What to do:
Below is a block of entries; repeat exactly the lines starting at the line that contains "香港聖安德肋小學到校參訪創客飛行教育" and ending at the line that contains "Zerynthia rumina ▼", both included.

Records from a data source:
───
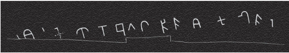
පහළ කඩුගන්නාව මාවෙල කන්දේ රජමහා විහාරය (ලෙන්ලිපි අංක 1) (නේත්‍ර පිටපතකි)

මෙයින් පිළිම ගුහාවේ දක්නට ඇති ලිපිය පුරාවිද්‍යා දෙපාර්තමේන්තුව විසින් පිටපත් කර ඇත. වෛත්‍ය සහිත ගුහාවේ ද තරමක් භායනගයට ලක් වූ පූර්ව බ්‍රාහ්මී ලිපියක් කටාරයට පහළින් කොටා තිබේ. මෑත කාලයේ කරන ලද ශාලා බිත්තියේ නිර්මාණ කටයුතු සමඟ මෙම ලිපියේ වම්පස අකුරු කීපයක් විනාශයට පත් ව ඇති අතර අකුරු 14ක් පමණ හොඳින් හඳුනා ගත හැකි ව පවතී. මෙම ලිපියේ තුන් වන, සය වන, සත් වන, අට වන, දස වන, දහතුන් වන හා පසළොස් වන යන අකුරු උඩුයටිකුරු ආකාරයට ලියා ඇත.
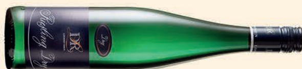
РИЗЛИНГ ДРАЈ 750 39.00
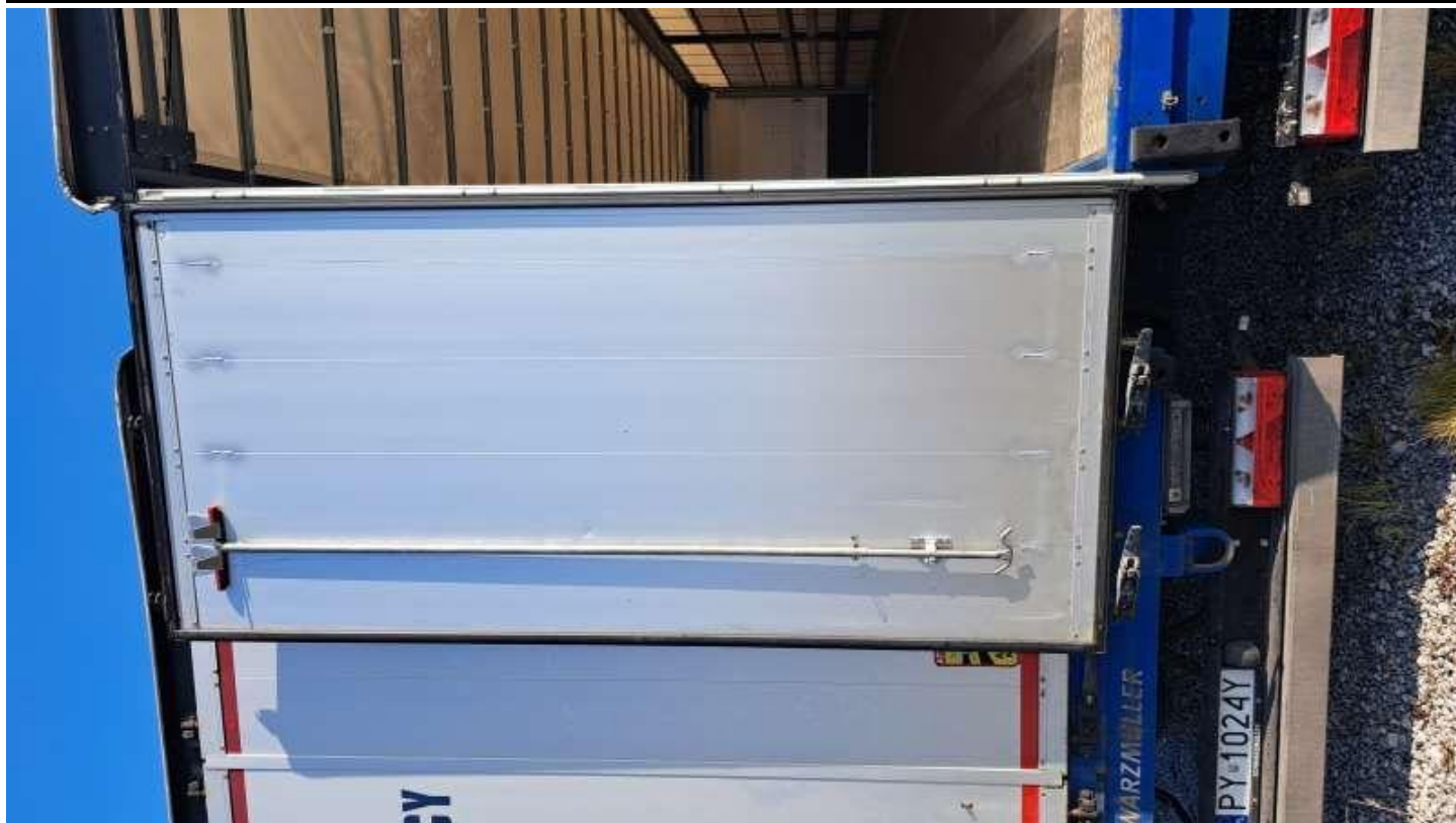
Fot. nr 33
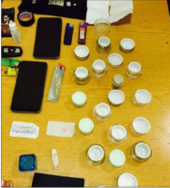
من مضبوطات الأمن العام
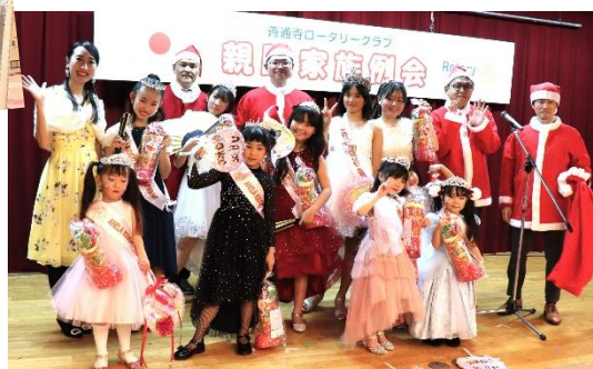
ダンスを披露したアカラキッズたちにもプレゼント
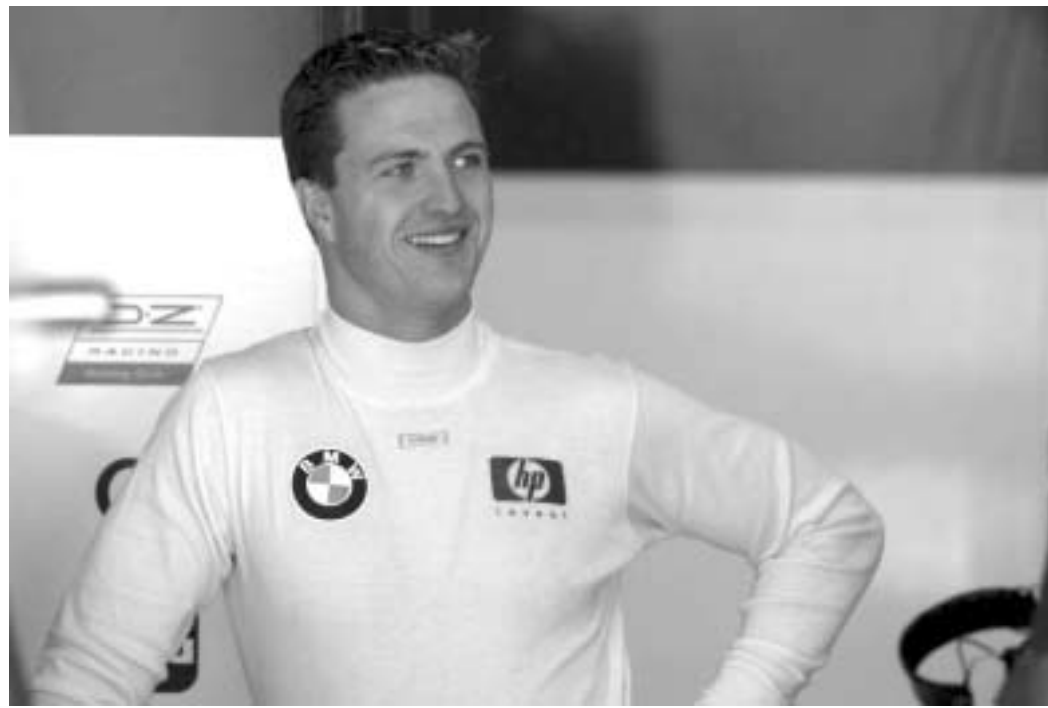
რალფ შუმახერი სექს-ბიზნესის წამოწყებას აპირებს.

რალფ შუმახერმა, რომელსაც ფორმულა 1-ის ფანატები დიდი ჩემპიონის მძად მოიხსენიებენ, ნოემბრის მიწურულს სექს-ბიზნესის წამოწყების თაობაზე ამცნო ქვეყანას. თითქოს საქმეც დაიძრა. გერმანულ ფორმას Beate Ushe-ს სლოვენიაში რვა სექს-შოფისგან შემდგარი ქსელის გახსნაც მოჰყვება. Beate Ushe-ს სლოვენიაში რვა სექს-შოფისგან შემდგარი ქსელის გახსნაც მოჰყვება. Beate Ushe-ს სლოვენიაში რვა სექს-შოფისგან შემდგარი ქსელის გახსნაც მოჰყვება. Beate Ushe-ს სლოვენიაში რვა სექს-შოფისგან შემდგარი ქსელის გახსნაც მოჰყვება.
───
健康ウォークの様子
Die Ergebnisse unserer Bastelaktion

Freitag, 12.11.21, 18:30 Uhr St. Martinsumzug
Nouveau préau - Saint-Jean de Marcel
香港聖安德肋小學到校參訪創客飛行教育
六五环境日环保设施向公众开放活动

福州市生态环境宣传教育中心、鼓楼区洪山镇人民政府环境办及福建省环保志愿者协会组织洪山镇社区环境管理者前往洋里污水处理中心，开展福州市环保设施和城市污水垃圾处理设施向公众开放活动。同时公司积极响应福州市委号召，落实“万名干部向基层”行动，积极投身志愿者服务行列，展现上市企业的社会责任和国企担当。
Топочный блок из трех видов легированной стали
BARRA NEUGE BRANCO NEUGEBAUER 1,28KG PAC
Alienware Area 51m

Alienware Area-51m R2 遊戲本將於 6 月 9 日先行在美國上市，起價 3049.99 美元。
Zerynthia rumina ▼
───
Task output:
香港聖安德肋小學到校參訪創客飛行教育
六五环境日环保设施向公众开放活动

福州市生态环境宣传教育中心、鼓楼区洪山镇人民政府环境办及福建省环保志愿者协会组织洪山镇社区环境管理者前往洋里污水处理中心，开展福州市环保设施和城市污水垃圾处理设施向公众开放活动。同时公司积极响应福州市委号召，落实“万名干部向基层”行动，积极投身志愿者服务行列，展现上市企业的社会责任和国企担当。
Топочный блок из трех видов легированной стали
BARRA NEUGE BRANCO NEUGEBAUER 1,28KG PAC
Alienware Area 51m

Alienware Area-51m R2 遊戲本將於 6 月 9 日先行在美國上市，起價 3049.99 美元。
Zerynthia rumina ▼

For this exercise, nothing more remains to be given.